## Required work
For the word "solo", determine how many lines of the entries below contain it, and give only that number.

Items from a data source
________________________
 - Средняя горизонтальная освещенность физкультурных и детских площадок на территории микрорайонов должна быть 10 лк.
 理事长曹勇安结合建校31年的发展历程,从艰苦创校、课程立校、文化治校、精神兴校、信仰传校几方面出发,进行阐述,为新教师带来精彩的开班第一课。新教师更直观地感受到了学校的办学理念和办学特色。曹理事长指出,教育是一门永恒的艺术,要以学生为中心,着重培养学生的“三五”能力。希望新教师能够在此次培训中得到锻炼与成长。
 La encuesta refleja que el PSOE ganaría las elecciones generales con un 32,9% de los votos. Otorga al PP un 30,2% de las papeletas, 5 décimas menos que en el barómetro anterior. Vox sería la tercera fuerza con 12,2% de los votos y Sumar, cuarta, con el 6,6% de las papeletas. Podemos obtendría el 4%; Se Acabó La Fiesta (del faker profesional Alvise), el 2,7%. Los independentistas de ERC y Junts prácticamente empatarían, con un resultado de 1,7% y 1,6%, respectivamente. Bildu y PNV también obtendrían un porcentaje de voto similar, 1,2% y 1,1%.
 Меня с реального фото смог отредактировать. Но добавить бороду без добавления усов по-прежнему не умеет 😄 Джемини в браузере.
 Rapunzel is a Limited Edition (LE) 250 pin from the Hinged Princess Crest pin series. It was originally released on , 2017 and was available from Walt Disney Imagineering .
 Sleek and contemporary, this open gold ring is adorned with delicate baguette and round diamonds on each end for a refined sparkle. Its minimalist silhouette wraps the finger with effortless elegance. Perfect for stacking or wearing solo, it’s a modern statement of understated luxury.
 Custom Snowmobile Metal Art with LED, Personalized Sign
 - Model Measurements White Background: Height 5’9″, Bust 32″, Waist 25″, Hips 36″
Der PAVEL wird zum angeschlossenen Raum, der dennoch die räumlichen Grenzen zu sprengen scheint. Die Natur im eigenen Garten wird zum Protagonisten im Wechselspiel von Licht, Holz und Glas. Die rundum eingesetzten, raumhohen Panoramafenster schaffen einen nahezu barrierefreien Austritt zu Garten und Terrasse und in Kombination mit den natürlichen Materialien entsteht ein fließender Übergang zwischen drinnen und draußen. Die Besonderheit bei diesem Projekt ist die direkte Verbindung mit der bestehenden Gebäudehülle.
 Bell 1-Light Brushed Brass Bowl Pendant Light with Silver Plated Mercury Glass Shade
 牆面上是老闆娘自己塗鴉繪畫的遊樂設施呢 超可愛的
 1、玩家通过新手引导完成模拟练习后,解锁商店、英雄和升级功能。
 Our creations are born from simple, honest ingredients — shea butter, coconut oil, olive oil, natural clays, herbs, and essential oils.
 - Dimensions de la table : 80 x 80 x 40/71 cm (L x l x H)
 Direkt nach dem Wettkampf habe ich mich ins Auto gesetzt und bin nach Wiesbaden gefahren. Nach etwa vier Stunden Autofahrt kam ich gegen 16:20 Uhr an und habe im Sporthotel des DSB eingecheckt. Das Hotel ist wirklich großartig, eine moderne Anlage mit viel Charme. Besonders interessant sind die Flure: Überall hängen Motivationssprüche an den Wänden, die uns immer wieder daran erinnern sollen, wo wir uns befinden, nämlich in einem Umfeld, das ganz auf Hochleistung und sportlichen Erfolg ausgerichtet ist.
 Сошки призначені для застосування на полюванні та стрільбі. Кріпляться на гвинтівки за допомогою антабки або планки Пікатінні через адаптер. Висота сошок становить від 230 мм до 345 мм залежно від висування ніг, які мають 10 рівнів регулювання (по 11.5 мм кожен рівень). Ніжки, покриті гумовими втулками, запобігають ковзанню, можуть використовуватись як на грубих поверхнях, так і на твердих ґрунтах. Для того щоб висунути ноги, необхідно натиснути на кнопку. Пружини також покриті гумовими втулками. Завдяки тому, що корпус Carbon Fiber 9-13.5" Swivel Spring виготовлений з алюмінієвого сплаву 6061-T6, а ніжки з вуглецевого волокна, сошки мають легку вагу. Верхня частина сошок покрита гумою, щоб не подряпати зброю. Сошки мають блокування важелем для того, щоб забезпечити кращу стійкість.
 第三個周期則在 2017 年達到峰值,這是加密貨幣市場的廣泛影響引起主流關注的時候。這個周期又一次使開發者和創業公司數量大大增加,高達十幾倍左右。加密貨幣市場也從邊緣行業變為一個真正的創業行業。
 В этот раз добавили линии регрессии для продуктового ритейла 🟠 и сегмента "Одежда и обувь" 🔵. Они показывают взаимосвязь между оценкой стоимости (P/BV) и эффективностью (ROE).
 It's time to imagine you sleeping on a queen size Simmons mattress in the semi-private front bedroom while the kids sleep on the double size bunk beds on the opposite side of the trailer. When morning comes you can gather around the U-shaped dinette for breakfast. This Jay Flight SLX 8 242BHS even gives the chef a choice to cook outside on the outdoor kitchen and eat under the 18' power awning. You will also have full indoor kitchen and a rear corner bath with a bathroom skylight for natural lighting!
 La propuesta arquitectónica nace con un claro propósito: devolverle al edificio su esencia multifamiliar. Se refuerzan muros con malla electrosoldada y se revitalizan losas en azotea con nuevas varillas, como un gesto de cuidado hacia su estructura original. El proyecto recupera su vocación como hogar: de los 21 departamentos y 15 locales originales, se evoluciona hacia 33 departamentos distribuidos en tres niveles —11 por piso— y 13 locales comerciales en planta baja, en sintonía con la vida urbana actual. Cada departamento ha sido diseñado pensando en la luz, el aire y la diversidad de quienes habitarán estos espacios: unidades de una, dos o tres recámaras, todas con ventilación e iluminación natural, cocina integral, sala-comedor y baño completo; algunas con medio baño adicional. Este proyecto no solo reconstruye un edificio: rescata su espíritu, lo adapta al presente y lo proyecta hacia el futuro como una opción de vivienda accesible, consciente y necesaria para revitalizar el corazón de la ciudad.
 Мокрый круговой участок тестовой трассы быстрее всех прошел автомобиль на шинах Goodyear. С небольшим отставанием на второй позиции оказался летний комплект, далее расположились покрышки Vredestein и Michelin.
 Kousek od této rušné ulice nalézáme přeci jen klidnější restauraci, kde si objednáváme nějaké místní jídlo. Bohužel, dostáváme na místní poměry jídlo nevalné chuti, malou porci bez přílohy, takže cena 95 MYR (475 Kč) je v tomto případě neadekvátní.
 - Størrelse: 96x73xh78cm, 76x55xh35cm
________________________
## Result of this exercise
2